So the plus side for what RVD is doing is that it at least has a fair degree of structure to it. The downside, of course, is that it is a Home Training, Grade-by-Video course, little to no real quality control, and so on.

RVDs credentials (in the Bujinkan) are as legit as any other 15th Dan member, really. There is some contention over the Escrima he has inherited the title of head of the system for, but not his Bujinkan rank. That said, he does tend to present things in a rather odd way... for example, he has equated his 15th Dan grade with being a Menkyo Kaiden in the Bujinkan, which is a completely different ranking system, not used by the Bujinkan for the most part, and completely unrelated to the Kyu/Dan grading system. That, and a number of other rather embarrassing cultural faux pas's have earned him a rather dubious place in the Bujinkan community. When that is combined with his commercial-orientated position (when Hatsumi has stated a number of times that no-one is to earn money from these arts, and if you run a school, you are expected to use that money to finance further study, such as trips to Japan), the grade-in-the-mail approach of this course, and other things, and his reputation just takes a further beating. I'm not dealing with his movement here, either, by the way.....


----------



## Bruno@MT (Jan 25, 2011)

Chris Parker said:


> Ha, I look forward to it, Cryo! I'm sure I can find room for you somewhere....
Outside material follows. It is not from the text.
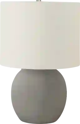 The stylish and fashionable Darcy Trail Gray Lamp with a gray concrete globe-shaped base and topped with a contrasting ivory linen drum shade, is the perfect accent to brighten any room. With a contemporary appeal, place this versatile decorative lamp on a side or end table, on a console, or on your nightstand to create a warm and inviting atmosphere. Partial assembly may be required.
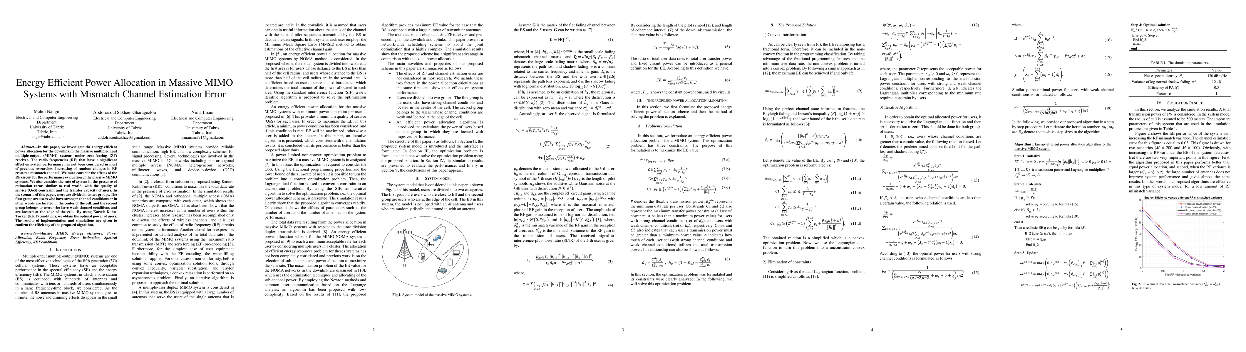 This paper explores energy efficient power allocation in massive MIMO systems under zero-forcing receivers, considering RF circuit mismatch and channel estimation errors. Using KKT conditions, it optimizes power allocation for users divided into strong and weak channel condition groups, demonstrating improved efficiency through simulations.

Hah. Well if he is coming, then I'll drop by as well.
Of course I can't train ninpo with you (sadly) but I could participate in the self defense training. 

There are a couple of other people I'd like to visit down under so I might as well make a road trip out of it. Once the floods recede and you got rid of the sharks of course


----------



## Chris Parker (Jan 25, 2011)

Ha, how about we just make this years Meet and Greet in Melbourne, guys?

Oh, and the floods didn't quite make it to me down here, but I don't want to get rid of the sharks, they're rather pretty things.... spent the day with my sister, nephews, niece and brother-in-law at the aquarium recently, saw the baby hammerheads, great time! Are you sure you want us to get rid of the cute little things? 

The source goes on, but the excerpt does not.